Не так плохо: защиту утвердили, но Кандорскому недвусмысленно дали понять, что – да, настало другое время: подросли национальные кадры, поэтому…
– Поэтому я на пенсии, – закончил Кандорский.
Институт остался, но стал другим.
– А Вульф? Я звонил.
– Они в Израиле. Когда жена восстановится, Тео вернется.
В гостиницу пришли поздно. Ночной Город изменился: многие здания подсвечивались. Старый Город походил на восьмидесятилетнюю даму со следами давно минувшей красоты, которую она решила вернуть яркой косметикой. Древние дома, исчисляющие свой возраст веками, теперь стояли выкрашенные в яркие цвета – розовый, желтый, нежно-зеленый… Библейские старики в детских майках. Старый Город превратился в декорацию самого себя, театральный задник, а фонари подсветки, яркие, как софиты, усиливали бутафорский эффект. Яну почудилось, что, прикоснись он пальцем к каменной кладке – и палец пройдет сквозь нее, как острый нос Буратино, проткнувший холст.
– Ты очень громко молчишь, – Юля положила сумку на стул.
Ян стоял с сигаретой у окна. В Америке далеко не везде теперь можно курить – до Европы, к счастью, чума запрета пока не докатилась. Все не так плохо, Дядя Саша.
Куда уж лучше.
Дом его не узнал – и стал чужим.
Вульф не писал из Израиля. До того ли человеку – жена болеет.
Андрей с Илюшкой живут в других странах.
А упало, Б пропало; кто остался на трубе? – Мухин остался, только стал сволочью. Ссучился, говорили в армии.
Заманчиво было бы сказать: только на кладбище ничего не менялось… если бы не Майка.
В промежутках между затяжками он говорил вслух – или думал вслух?
– Но ведь и мы в другой стране, Журавлик.
Юлька стояла в мохнатом халате и расчесывала волосы.
– Зато мы с Наташкой встретились. Хочешь, я краситься буду, как она?
– Зачем?!
– У меня седые волосы. Смотри, вот, – она подняла прядку.
– Только попробуй! – Ян погасил сигарету. – Лучше халат отдай.

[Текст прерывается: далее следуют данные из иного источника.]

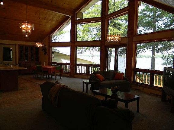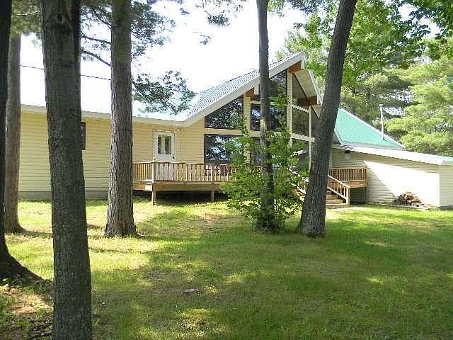BEAUTIFUL CHALET STYLE YEAR ROUND HOME WITH LEVEL SAND FRONTAGE ON 3500+ ACRE PELICAN LAKE! THIS HOME COULD EASILY BE MADE HANDICAP ACCESSIBLE WITH THE 36" DOORS. STORE YOUR TOYS & BOAT IN THE ATTACHED BOAT HOUSE! WONDERFUL VIEWS FROM THE FLOOR TO CEILING WINDOWS FACING THE LAKE! SPACIOUS ROOMS, OAK CABINETS & TRIM, SOLID WOOD DOORS, METAL ROOF, 2 CAR ATTACHED GARAGE IS INSULATED & CAN EASILY BE HEATED WITH THE PELLET STOVE INCLUDED IN SALE, PLUS ATTACHED BOAT HOUSE! INCLUDED LAND ACROSS THE ROAD - FOR EXTRA PARKING OR POSSIBLY AN EXTRA GARAGE!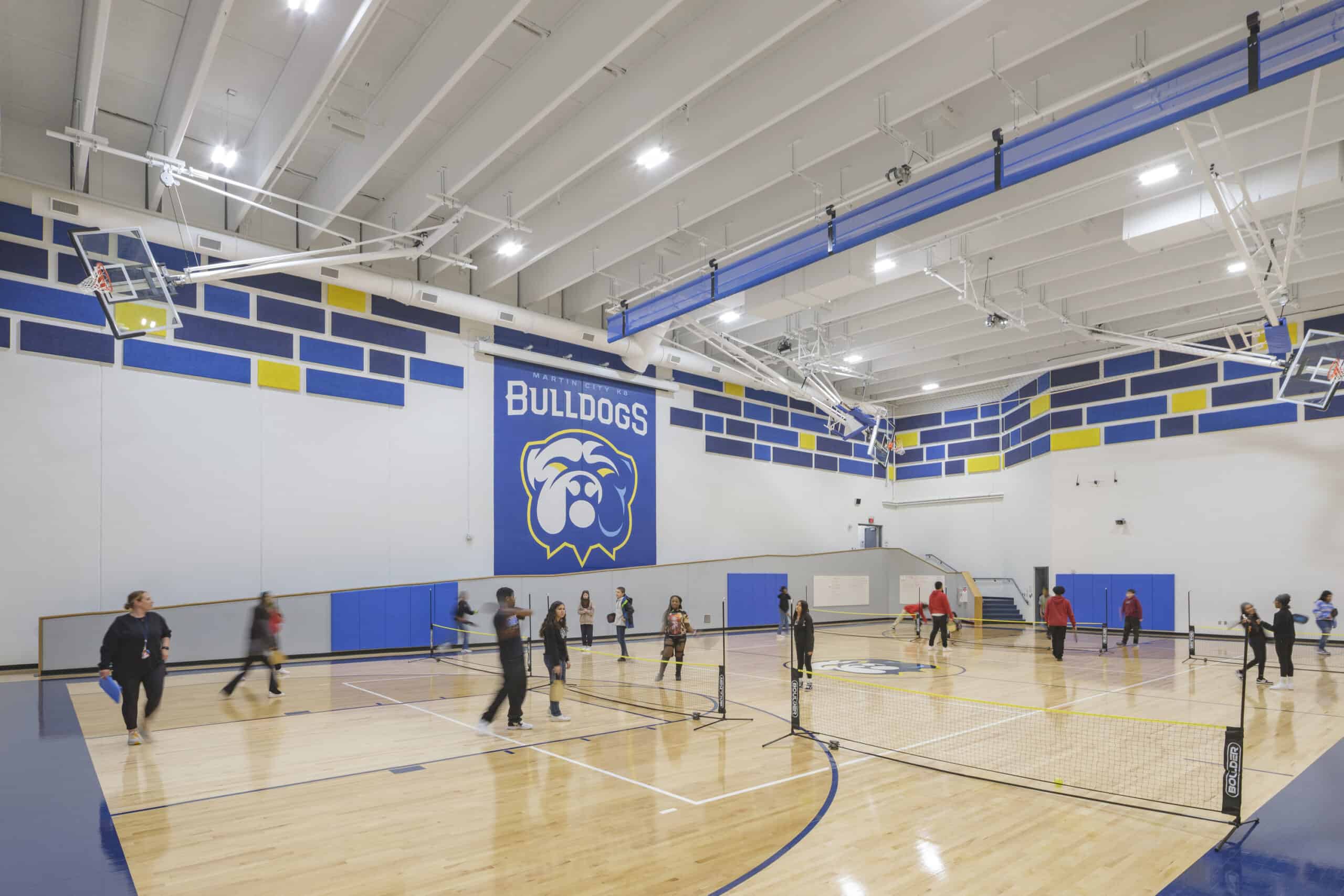 Martin City K-8 School is home to students from kindergarten through eighth grade. Prior to this 20,081-square-foot addition and renovation, all students shared one small gym. The addition of a new gymnasium better accommodates the wide range of learning needs and allowed the existing gym to be converted into an elementary student gym and band practice room.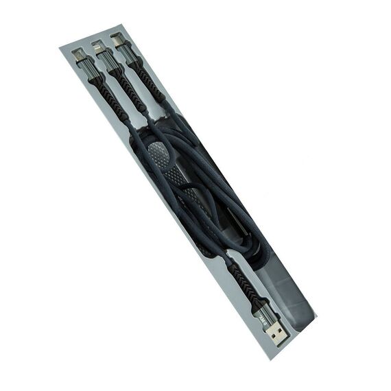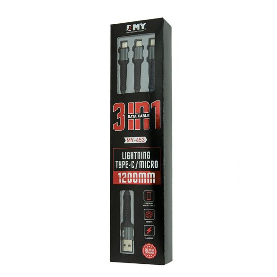 УЦ Дата-кабель EMY MY-453 3 в 1 (micro USB + iPhone Lightning) 1m, чёрно-серый (плохая упаковка)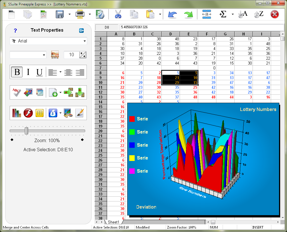 Use the chart wizard to select from eight or more categories of 2-D and 3-D charts including line, area, column, pie, XY, stock and with dozens of variants. Whether you are producing financial reports or managing personal expenses, Pineapple spreadsheet gives you more efficiency and flexibility to accomplish your goals.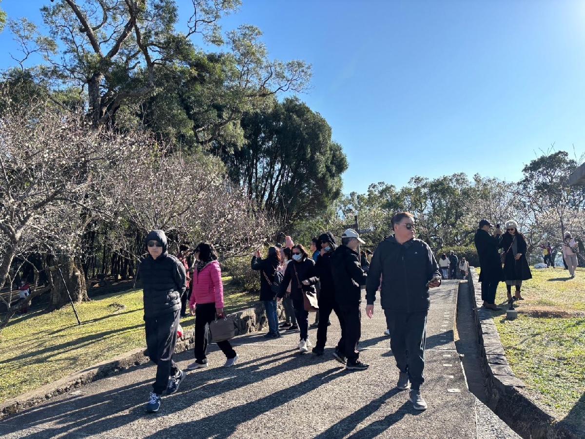 觀旅局周柏吟局長表示,這週末天氣逐漸回暖,梅花花況來到5-6成左右,特別是今天艷陽高照,氣溫舒適怡人,角板山行館園區單日擁入3萬多人次遊客上山賞花,走在梅園伴著香氣縈繞的梅香,非常愜意!梅花季活動雖已結束,但梅園梅花正值綻放,還沒來過、正在規劃行程的朋友們請把握下週最佳賞花期限,歡迎您們來角板山行館園區踏雪尋梅,走在梅園體驗梅香四溢的詩情畫意,別忘了還可以到周邊的角板山形象商圈、枕頭山魅力商圈捎上給親朋好友的在地伴手禮,或到附近角板山公園、新溪口吊橋、小烏來風景特定區,以及羅浮溫泉感受一下北橫的魅力喔!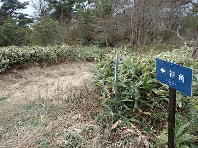 更に登山道は急斜面であり、足下は砂利や岩が多いため、スリップしないよう注意も必要である。尾根へ出れば進路を左方向に採り、眼下に神角方面の田園風景を眺めながら高度を上げる。足下の笹がきれいに刈られているが、これは昨年(平成25年)9月23日に北浦自然観察会の皆さんにより笹刈が実施されたおかげである。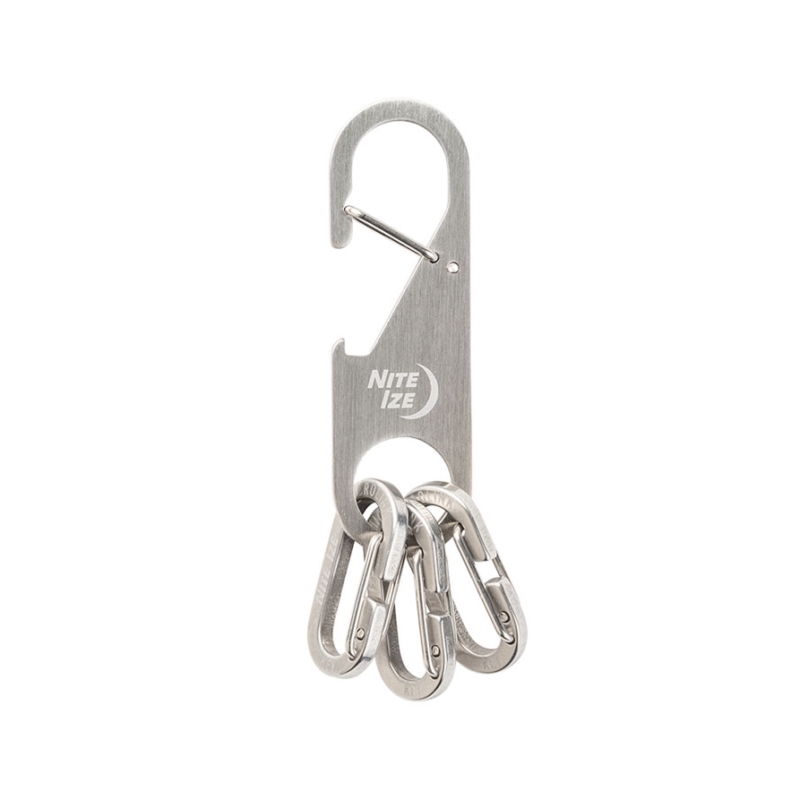 DETTAGLI DEL PRODOTTO Portachiavi in acciaio inossidabile con 3 moschettoni MicroLink attaccati Apribottiglie integrato Il moschettone si aggancia al passante della cintura, allo zaino o alla tracolla della borsa L’apertura stretta e il design del cancello su MicroLink prevengono la perdita della chiave Chiusure sicure per cancelli in filo di acciaio inossidabile Collega, rimuovi e proteggi facilmente le chiavi
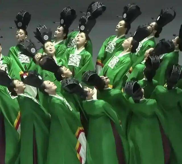 韩国舞团的《佾舞》,在抄袭过程中表现得极为敷衍。其服饰虽同为青绿色,但色调发灰发暗◇◁-,质感廉价粗糙▷■○,缺乏石青、石绿应有的厚重感○□;款式松松垮垮□●▷,舞动时显得拖沓笨重,无法呈现原版远山云雾的意境,反而显得杂乱邋遢◆▲。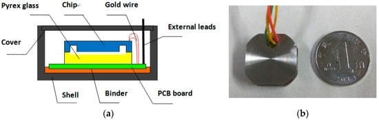 After the accelerometer chip was fabricated, the key problem was how to realize the package of the sensor. The schematic of the packaging and the packaged accelerometer are shown in Figure 14. First, the chip needed to be bonded with Pyrex glass to prevent overload and then cohered with the PCB. The electrical connection between the pads in the sensor chips and PCB was achieved by gold wire. Finally, the accelerometer chip was completely enclosed in the shell.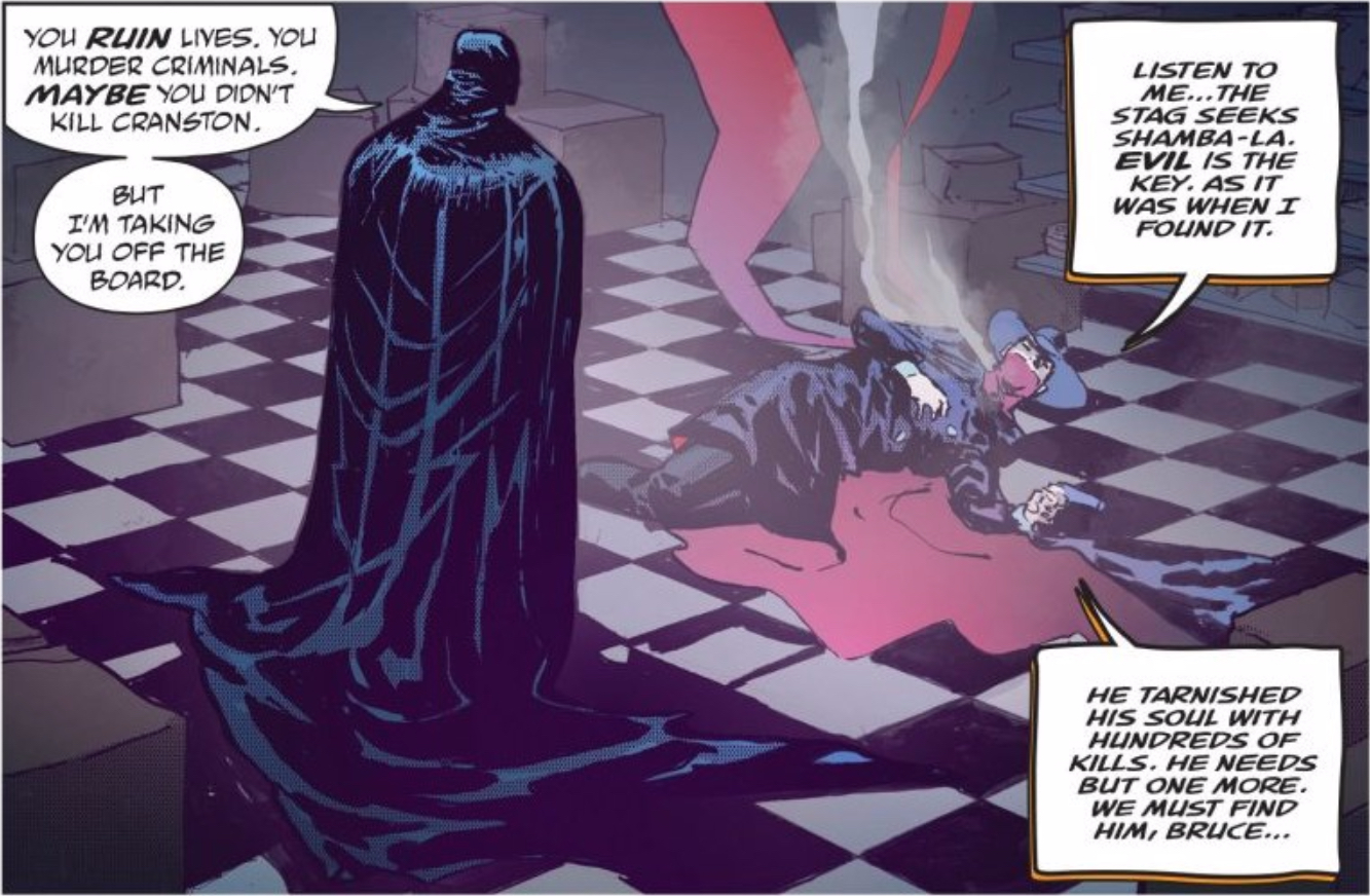 Indeed, the disconnect between the ease with which we grasp what’s going on and Batman’s failure to do so is kind of the tension that drives this issue. We understand that Batman is participating in a crossover with the Shadow, so we’re willing to accept some mystical elements along with the pulpy noir world Batman already lives in. So when the Shadow insists that he was always Henri Ducard, Batman can’t believe it, but we immediately understand that it’s possible (though still a surprising twist). Moreover, we understand that the Shadow is a good guy and that he (and potentially his enemy, the Stag) can cloud the minds of men, such that they can’t trust their eyes, so we’re one step ahead of Batman when he denies these truths.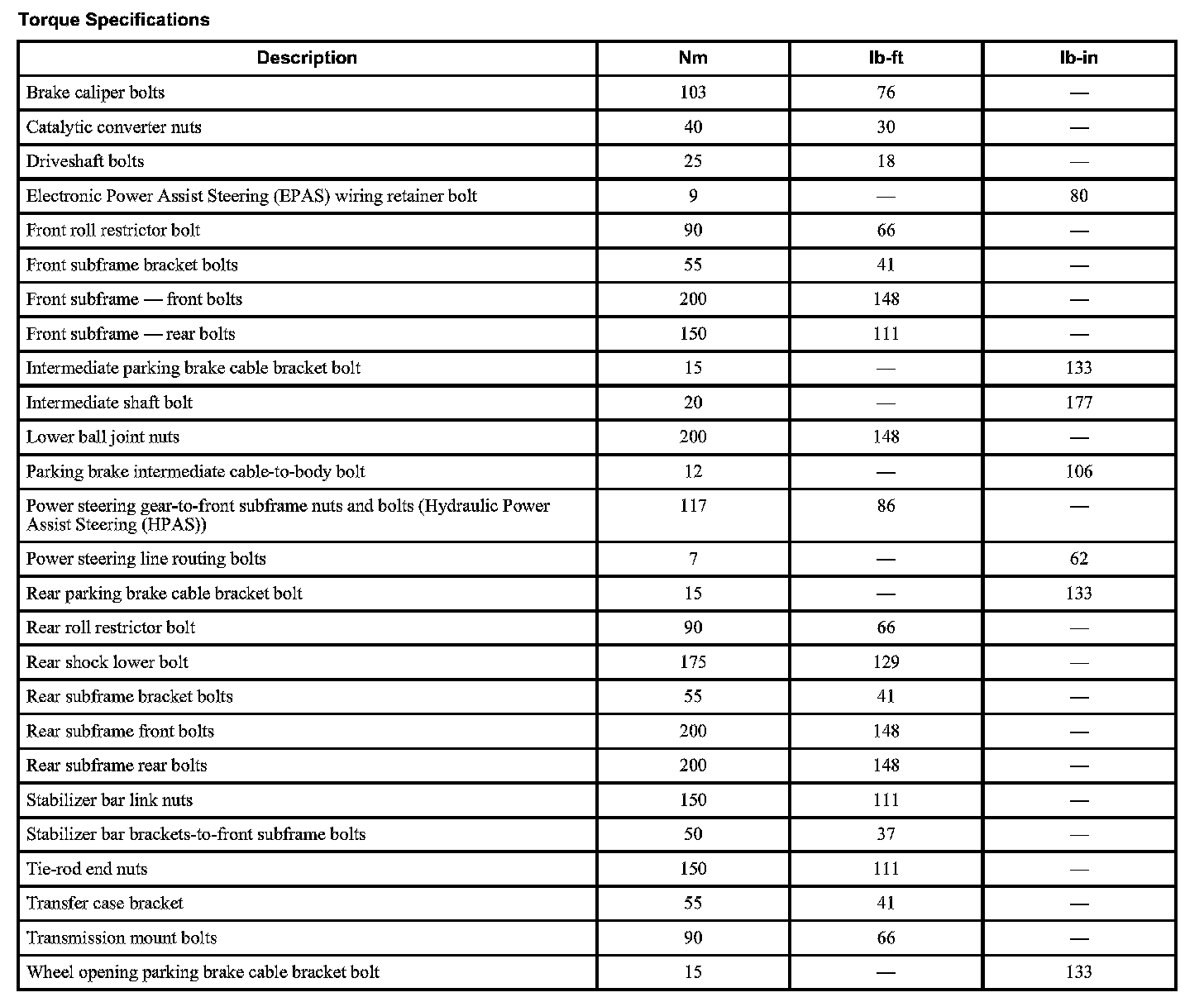 Subframe: Specifications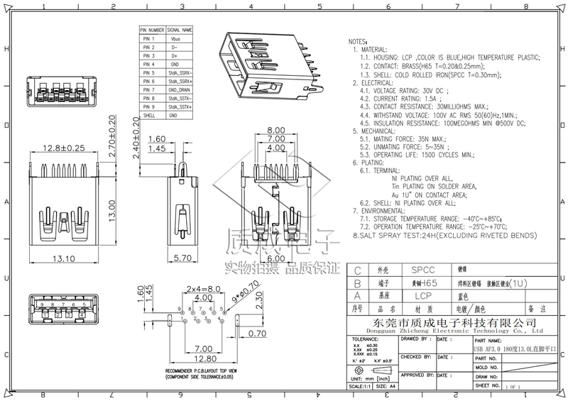 USB網(wǎng)絡(luò)連接器接口3.0母座 臥式DIP沉板9PIN直腳平口 LCP耐高溫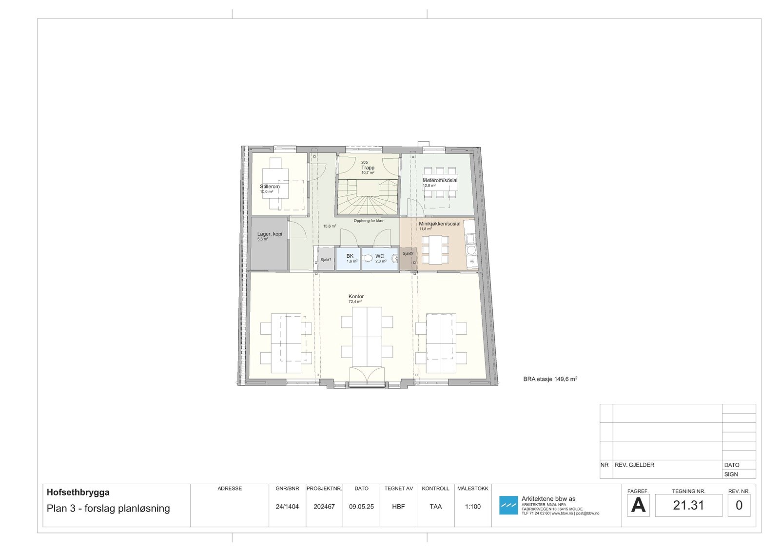 Historiske Hofsethbrygga er ferdig rehabilitert og alt er nå klart for å tilpasse bygget til ny leietaker innvendig. Her har du muligheten til å få et helt eget bygg spesialtilpasset for din bedrift. Ta kontakt med eiendomssjef for ytterligere informasjon og visning.  Hofsethbrygga vil være ideelt for en kontorleietaker som er på jakt etter et unikt lokale og som ønsker seg sitt helt eget hus for bedriften. Eiendommen ligger på bryggekanten midt i Molde sentrum og består av tre etasjer hvor det er tegnet inn 24 faste arbeidsplasser pluss stillerom, møterom og prosjektrom. Det er i tillegg kjøkken, sosiale soner, oppheng for klær og wc samt kopirom/ lager. Planløsningen som er tegnet er et forslag, lokalet kan bygges etter leietakers behov og ønsker.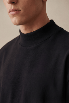 Unlock a world of comfort and style with the Black Mock Neck T-Shirt, where modern design meets everyday functionality.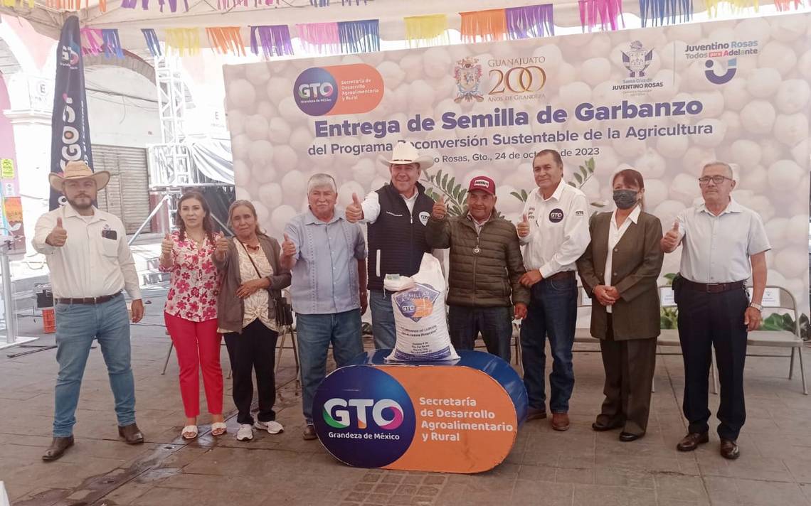 JUVENTINO ROSAS, Gto.- (OEM).- Un total de 165 familias de 28 comunidades rurales se vieron beneficiadas con la entrega de 20.5 toneladas de semilla de garbanzo, la que podrán sembrar para aprovechar la humedad residual, esto, dentro del programa Reconversión Sustentable de la Agricultura, con una concurrencia de recursos de gobierno estatal, a través de SDAYR, municipio y beneficiarios por 926 mil pesos.
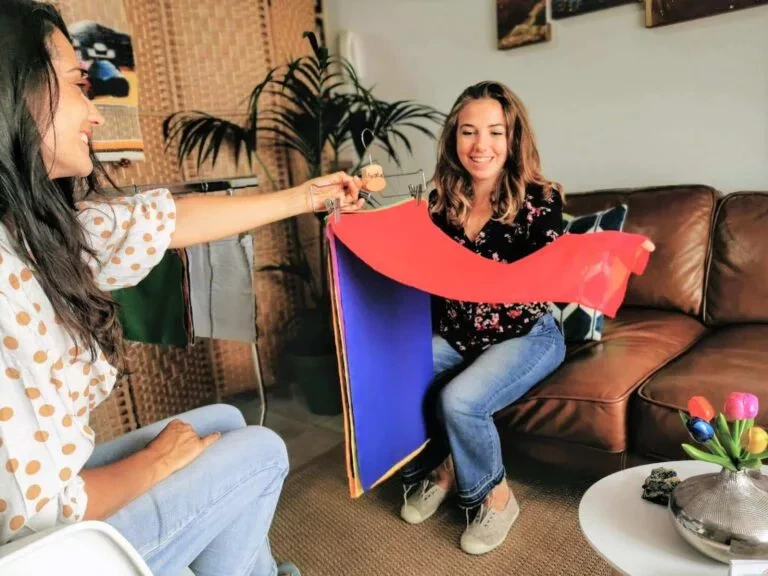 Les tissus et les vêtements deviennent alors des outils analogiques pour révéler vos souvenirs, éveiller vos sens, explorer votre inconscient. Ils vous aident à faire des prises de conscience, repartir avec du concret et une note positive. C’est une approche où les ressentis sont mis en avant, et non le rationnel.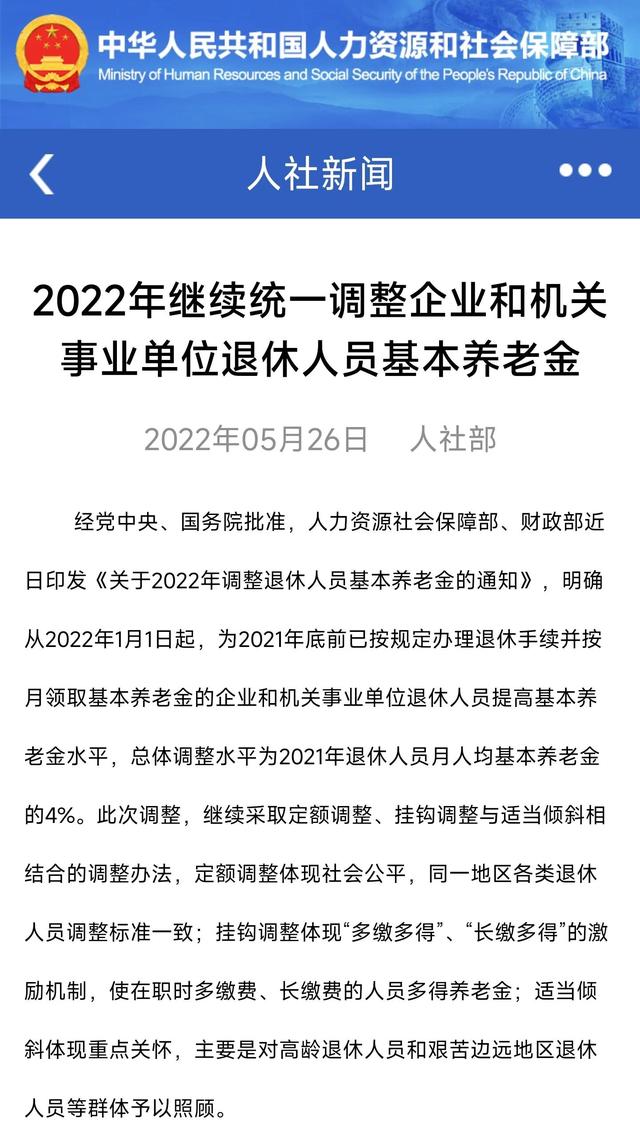 5月26日,人社部公布了《关于2022年调整退休人员基本养老金的通知》,明确今年养老金调整的幅度是“2021年退休人员月人均养老金的4%”。由于以往年度都是在4月中旬公布养老金调整通知,今年这一让退休老人...

Приехать в город, оставленный больше десяти лет назад, а потом высадиться в яростный американский июль – двойное возвращение, словно поворот головы от старого дома к новому, обжитому настолько, что слово домой не требует кавычек.
Автоответчик был переполнен голосами. Несколько звонков от агента; Борис; опять агент («перезвоните мне…»), громкая музыка и зазывное предложение поменять телефонную компанию. Выдохшись, автоответчик умолк. Из почтового ящика высыпались конверты и реклама; внизу лежал журнал, о котором Юля почти забыла, с глянцевой карточкой внутри “With our compliments” и размашистой припиской по-русски: «Жду следующую главу, М.».
Яна осенило: вот что он подарит Юльке на день рождения – книгу Стэна. Захотят издать в другом месте – пускай издают, а сейчас издаст он. Издательство, макет ему по силам; иллюстрации – Миха, лучше не сделает никто. Времени хватит, а сейчас – отсыпаться.
Быстро вернулись к привычной рутине. Дома, предложенные агентом, Ян отмел: не то. Дядька упрямо продолжал твердить, что никуда не поедет.